*DATA BELOW*.
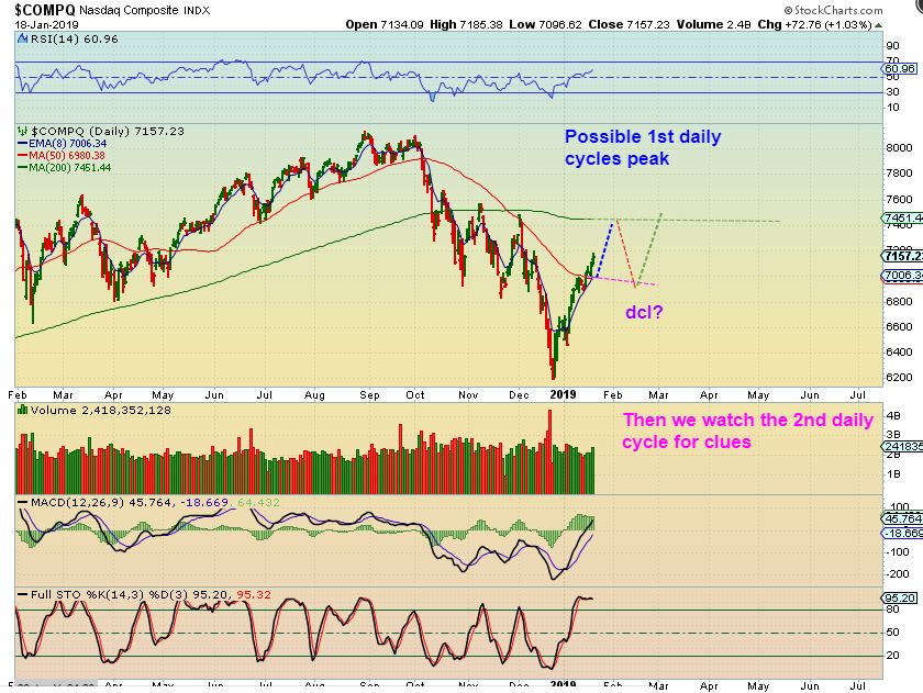 NASDAQ DAILY –   This can be the path of the first daily cycle.  Then the 2nd will be  able to tell the story of weakness or strength.
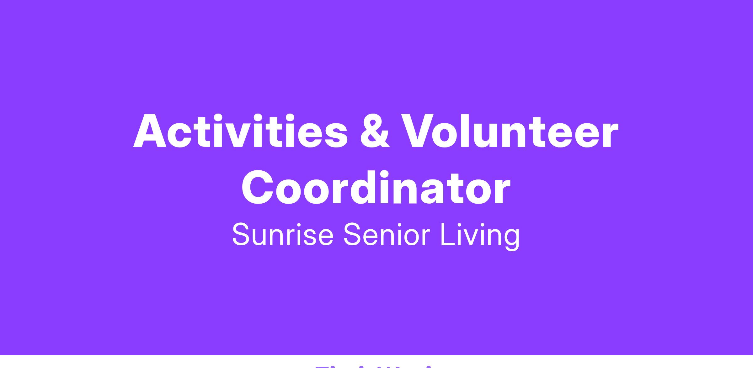 At Sunrise, our Activities & Volunteer Coordinator is responsible for leading the day to day activities and programs for a Sunrise Senior Living community.
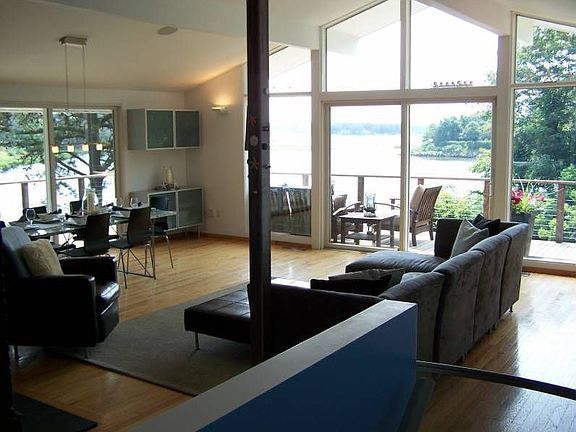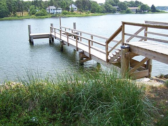 Welcome to Paradise! Enjoy direct waterfront living from Contemporary w/70ft dock on saltwater pond accessing Vineyard Sound.Tastefully decorated open first floor includes stainless steel/granite kitchen, dining area, living rm, two beds and full bath. Walls adorned w/glass frame stunning waterviews.Walk out lower level features entertainment room w/wetbar, laundry, full bath, and two bedrms.Double lot,waterside wrap around deck,coastal landscaping, stone patio, and hot tub complete this jewel!

*WHAT THE EXERCISE ASKS*. Pictures are skipped here. Print exactly, and only, the lines from the one holding "At Sunrise, our" through the final line of the material above, both ends included.

*EXPECTED ANSWER*.
 At Sunrise, our Activities & Volunteer Coordinator is responsible for leading the day to day activities and programs for a Sunrise Senior Living community.
 Welcome to Paradise! Enjoy direct waterfront living from Contemporary w/70ft dock on saltwater pond accessing Vineyard Sound.Tastefully decorated open first floor includes stainless steel/granite kitchen, dining area, living rm, two beds and full bath. Walls adorned w/glass frame stunning waterviews.Walk out lower level features entertainment room w/wetbar, laundry, full bath, and two bedrms.Double lot,waterside wrap around deck,coastal landscaping, stone patio, and hot tub complete this jewel!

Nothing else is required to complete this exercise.